IMHICIHU   13380
INSTITUTO MULTIDISCIPLINARIO DE HISTORIA Y CIENCIAS HUMANAS
Unidad Ejecutora - UE
artículos
Título:
FROM THE PACIFIC TO THE TROPICAL FORESTS: NETWORKS OF SOCIAL INTERACTION IN THE ATACAMA DESERT, LATE IN THE PLEISTOCENE
Autor/es:
SANTORO, CALÓGERO; BORRERO, LUIS A.; CAPRILES, JOSE; GAYO, EUGENIA
Revista:
Chungara
Editorial:
Universidad de Tarapacá
Referencias:
Lugar: Arica; Año: 2019 p. 5 - 25
ISSN:
0716-1182
Resumen:
The social groups that initially inhabited the hyper arid core of the Atacama Desert of northern Chile during the late Pleistocene integrated a wide range of local, regional and supra regional goods and ideas for their social reproduction as suggested by the archaeological evidence contained in several open camps in Pampa del Tamarugal (PdT). Local resources for maintaining their every-day life, included stone raw material, wood, plant and animal fibers, game, and fresh water acquired within a radius of ∼30 km (ca. 1-2 days journey). At a regional scale, some goods were introduced from the Pacific coast (60-80 km to the west, ca. 3-4 days journey), including elongated rounded cobbles used as hammer stones in lithic production, and shells, especially from non-edible species of mollusks. From the Andes (ranging 80-150 km to the east, ca. 5-8 days of journey), they obtained camelid fiber, obsidian and a high-quality chalcedony, in addition to sharing knowledge on projectile point designs (Patapatane and Tuina type forms). Pieces of wood of a tropical forest tree species (Ceiba spp.) from the east Andean lowlands (600 km away, ca. 30 days of journey) were also brought to the PdT. While local goods were procured by the circulation of people within the PdT, the small number of foreign items would have been acquired through some sort of exchange networks that integrated dispersed local communities throughout several ecosystems.

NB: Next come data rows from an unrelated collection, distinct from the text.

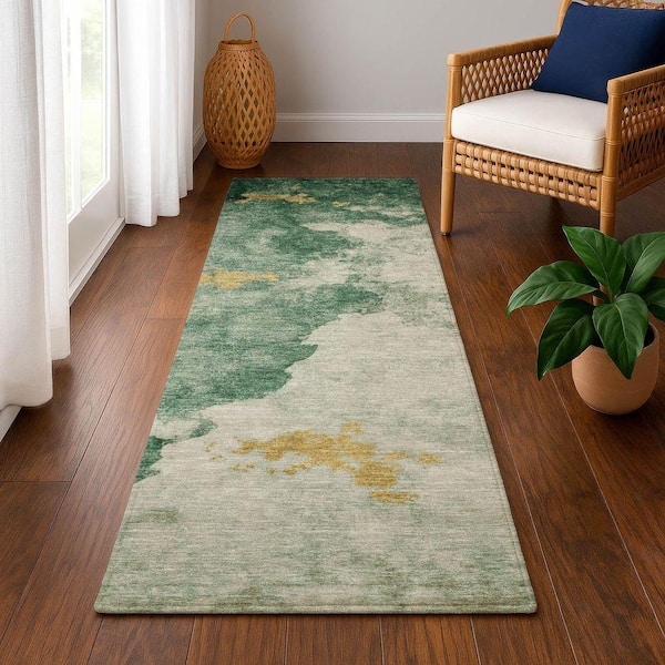 Mayfield Premium Machine Washable Abstract AMF1792 Emerald 2 ft. 3 in. x 7 ft. 6 in. Runner Rug
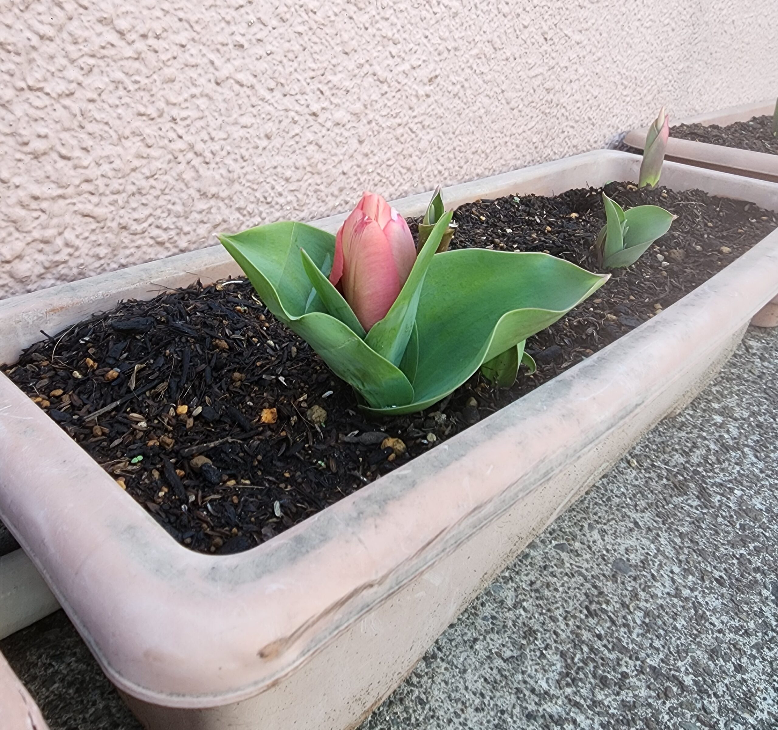 あと1週間で4月。新しいお友だちも迎えます。少しずつ暖かくなってきているなと思ったら、園長先生のプランターからチューリップが咲きそうです!
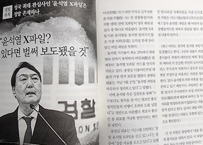 앞서 조 기자는 월간조선 7월호에서 윤석열X파일 실체를 추적보도했다. 해당 기사의 제목은 "윤석열 X파일? 있다면 벌써 보도됐을 것"이다.
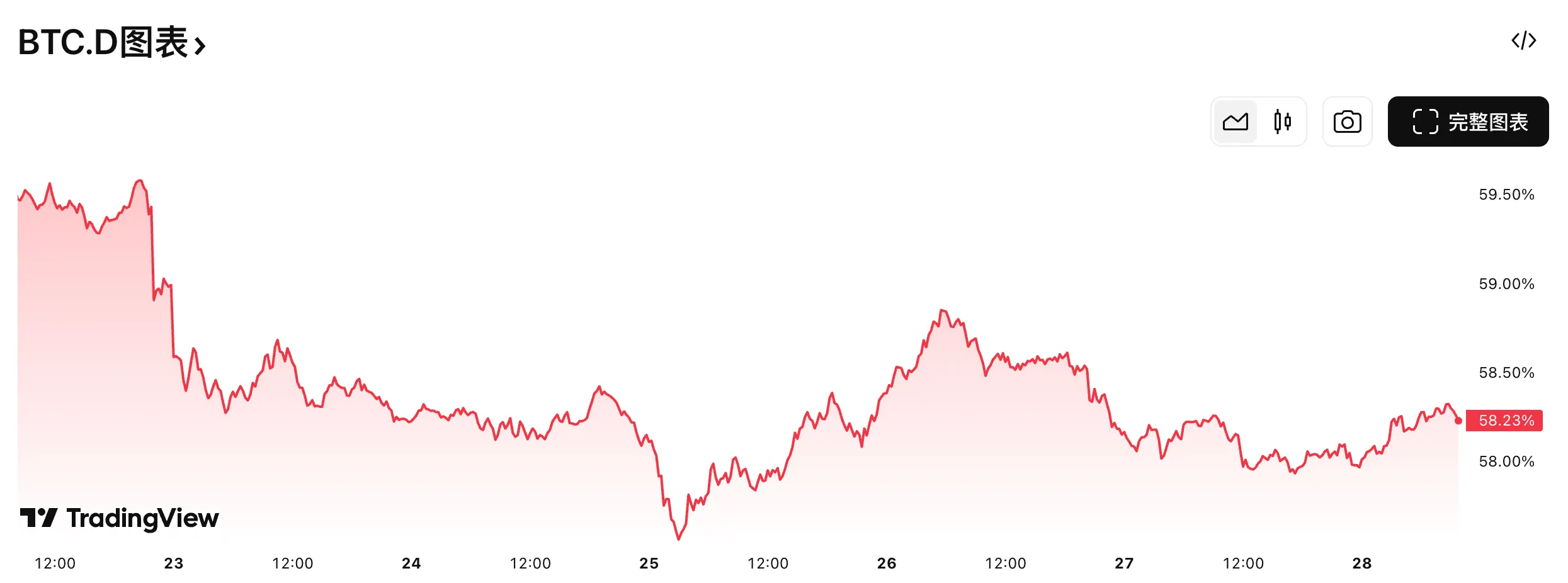 - 8 月 28 日数据显示,比特币市占率(BTC.D)本周下跌 1.85% 至 58.23%,一度跌破 58%。

These networks may have been a key factor behind the success exhibited by these early hunter-gatherers in the hyper arid ecosystems of the Atacama Desert at the end of the Pleistocene.Different lines of archaeological evidence including open camps, workshop-quarries, lithic artifacts, archaeofaunal remains, plant and animal fibers and textiles, archaeobotanical remains, and paleoecological data show that people of the PdT managed a wide range of cultural items from the Pacific coast, the Andean highland and the tropical forest, that were integrated with resources gathered locally within the socio-cultural systems established by the end of the Pleistocene. These results are interpreted as material expressions of multi-scalar networking for resource management and other social material and immaterial requirements, which in other words, means that these people were actively connected to regional (coastal and highland), and supra-regional (trans-Andean) exchange networks from and out of the PdT.